Praying Through the White-Out Conditions in our Lives

 February 7, 2014

The following is from a column I had published in the Jackson Citizen Patriot on Feb. 23, 2007. In light of the bitter cold and blowing snow we have been experiencing this year, it seemed appropriate to post it again with small modifications. Stay safe!
 

During the extreme cold spell a few weeks ago, with blowing wind causing white-out conditions, I found myself repeatedly on the road. I just missed being in a 25 car pile-up on U.S 27 south of Ithaca. There were cars ahead of me off the road and rescue workers directing traffic, while behind me I heard the sound of cars crashing and saw the car immediately behind me spin out of control.
 
These white-out conditions can appear suddenly as they did that day. One minute you are cruising along, then you are blinded by snow and forced to hit the brakes.

Those situations occur in other ways in our lives. One minute we are cruising along, the road clear ahead of us, then we are blind-sided by an unexpected event or tragedy—the loss of a loved one, a call in the middle of the night that a child has been in an accident, a medical test that comes back positive for cancer or another life-threatening illness. We are forced to drive blindly, perhaps following the faint outline of light from the car ahead, all the while hoping we are not hit from behind. All the while praying.

Somehow, on the freeway, I made it through safely. I don’t attribute this to having better driving skills than those around me, nor do I attribute this to prayer, although pray I did. Maybe I was just lucky. Maybe God was watching out for me, maybe it just wasn’t my time. I don’t know. I do believe in prayer, and I definitely prayed the whole drive and thanked God repeatedly for my good fortune of making it through safely when others did not.

But I don’t claim it was prayer that saved me. Certainly, there were others in the pile-up who prayed just as fervently as I did. How do we explain why God appears to answer one person’s prayer and not another’s?

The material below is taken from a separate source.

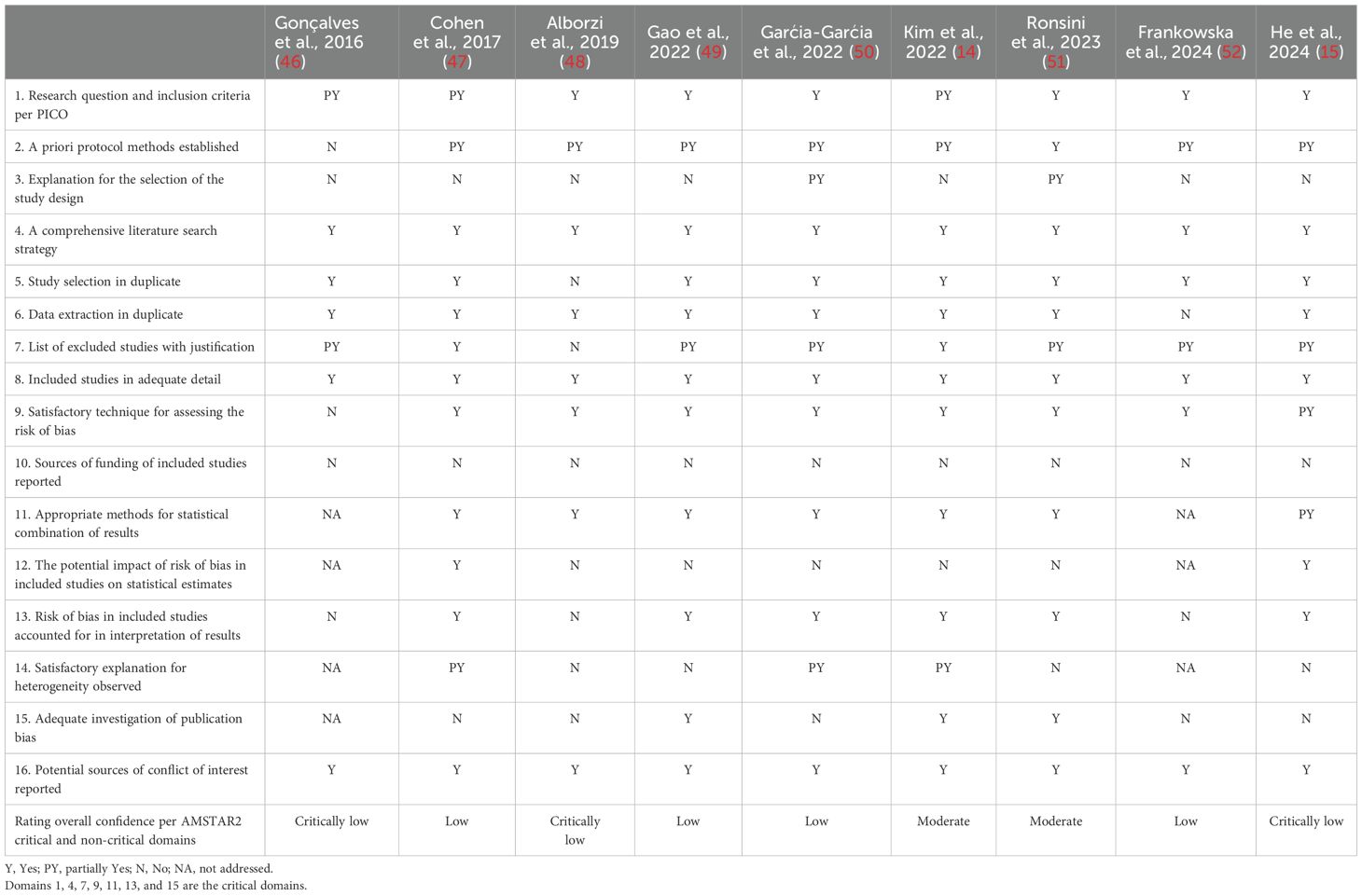 The evaluation of eligible systematic reviews was conducted using the sixteen domains of AMSTAR2. Each domain was categorized as “yes,” “partial yes,” or “no” based on whether it was fully implemented (and documented), partially applied, or not implemented, respectively, in each systematic review. Based on the critical and non-critical domains defined by AMSTAR2, the overall evidence was rated as high, moderate, low, or critically low (17).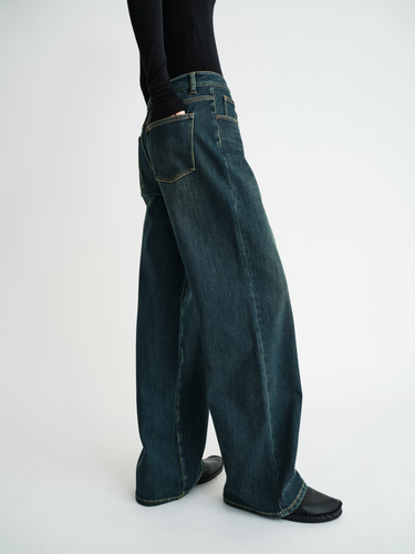 Each piece undergoes complex finishing techniques, including overdyeing, bleaching, hand-sanding, and monkey-wash treatments for depth and character.

I’m grateful for the times God has helped me safely through danger. I don’t attribute this to any merit on my part or special ability to pray. To do so would be to see prayer as some magical formula by which we manipulate God to do what we want. I pray because it is my nature to pray. We are made by God, for God.

There is that within us that naturally calls out to Someone greater. It is as natural as breathing. Even when we are not aware of it, there is that within us that is always at prayer, uttering words we cannot comprehend. As Paul tells us in Romans 8:26 (NAB), “In the same way, the Spirit too comes to the aid of our weakness, for we do not know how to pray as we ought, but the Spirit itself intercedes with inexpressible groanings.”

 And so I pray, not because I believe by doing so God will keep me safe from harm or reward my efforts, although I do hope for the best. I pray because it is who I am. It is human nature to seek to be in relationship with our Creator.

 As we go through “white-out” experiences in our life, let us pray because it is our nature to pray and be in relationship with our Creator.